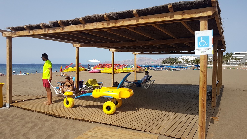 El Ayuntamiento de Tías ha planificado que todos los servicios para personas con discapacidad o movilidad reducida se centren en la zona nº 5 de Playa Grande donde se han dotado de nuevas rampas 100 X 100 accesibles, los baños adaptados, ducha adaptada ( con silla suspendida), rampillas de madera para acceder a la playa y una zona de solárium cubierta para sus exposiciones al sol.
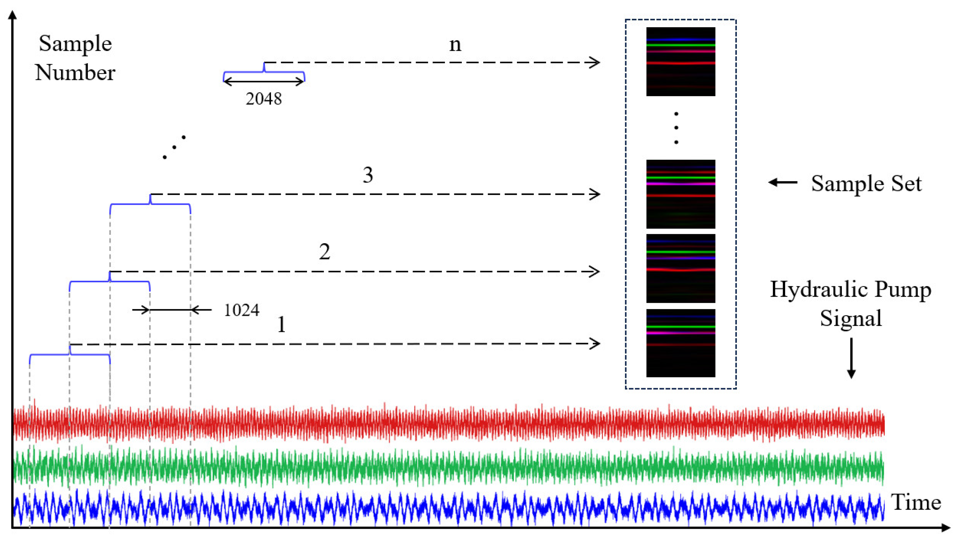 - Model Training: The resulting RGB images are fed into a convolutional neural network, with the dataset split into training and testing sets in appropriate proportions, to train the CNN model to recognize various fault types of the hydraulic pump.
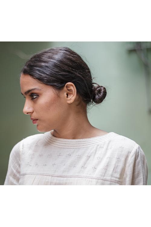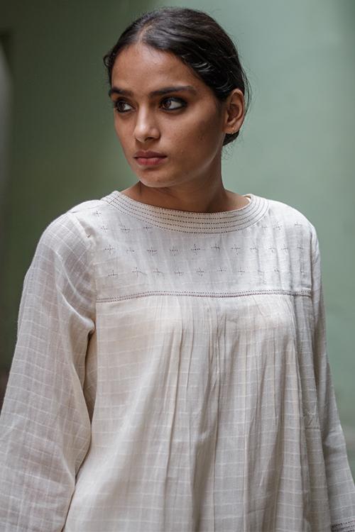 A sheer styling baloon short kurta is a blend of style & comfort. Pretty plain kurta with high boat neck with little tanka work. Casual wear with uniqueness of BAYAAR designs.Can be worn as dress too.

····················

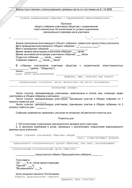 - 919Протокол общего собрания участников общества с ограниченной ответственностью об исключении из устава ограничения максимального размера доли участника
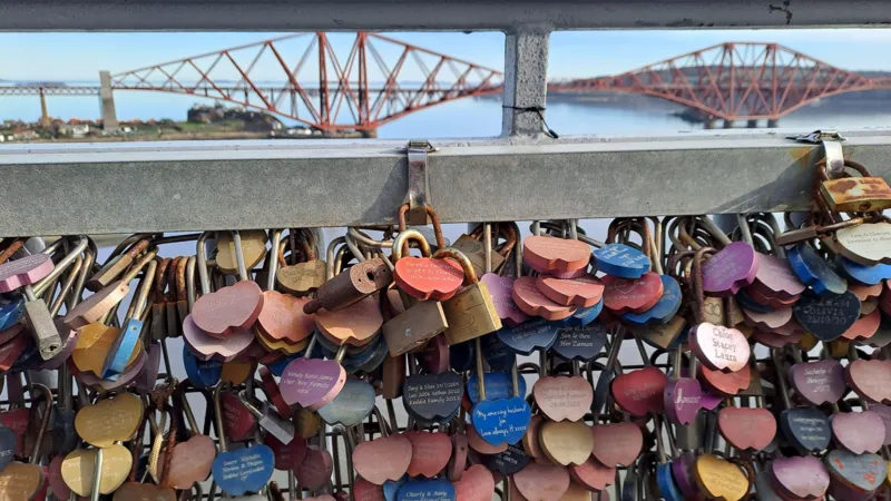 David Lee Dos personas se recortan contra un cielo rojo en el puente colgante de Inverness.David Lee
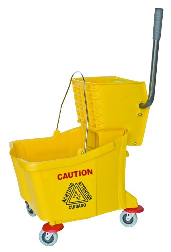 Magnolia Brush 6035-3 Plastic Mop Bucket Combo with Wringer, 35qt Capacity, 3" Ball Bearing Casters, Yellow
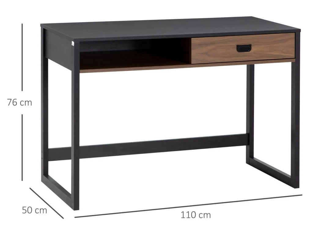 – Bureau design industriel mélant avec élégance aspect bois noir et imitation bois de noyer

····················

▸ **BRIEF**:
Copy exactly, without pictures, the lines above from the one with "Magnolia Brush 6035-3" down to the one with "bois de noyer", inclusive.

▸ **OUTPUT OF THE TASK**:
 Magnolia Brush 6035-3 Plastic Mop Bucket Combo with Wringer, 35qt Capacity, 3" Ball Bearing Casters, Yellow
 – Bureau design industriel mélant avec élégance aspect bois noir et imitation bois de noyer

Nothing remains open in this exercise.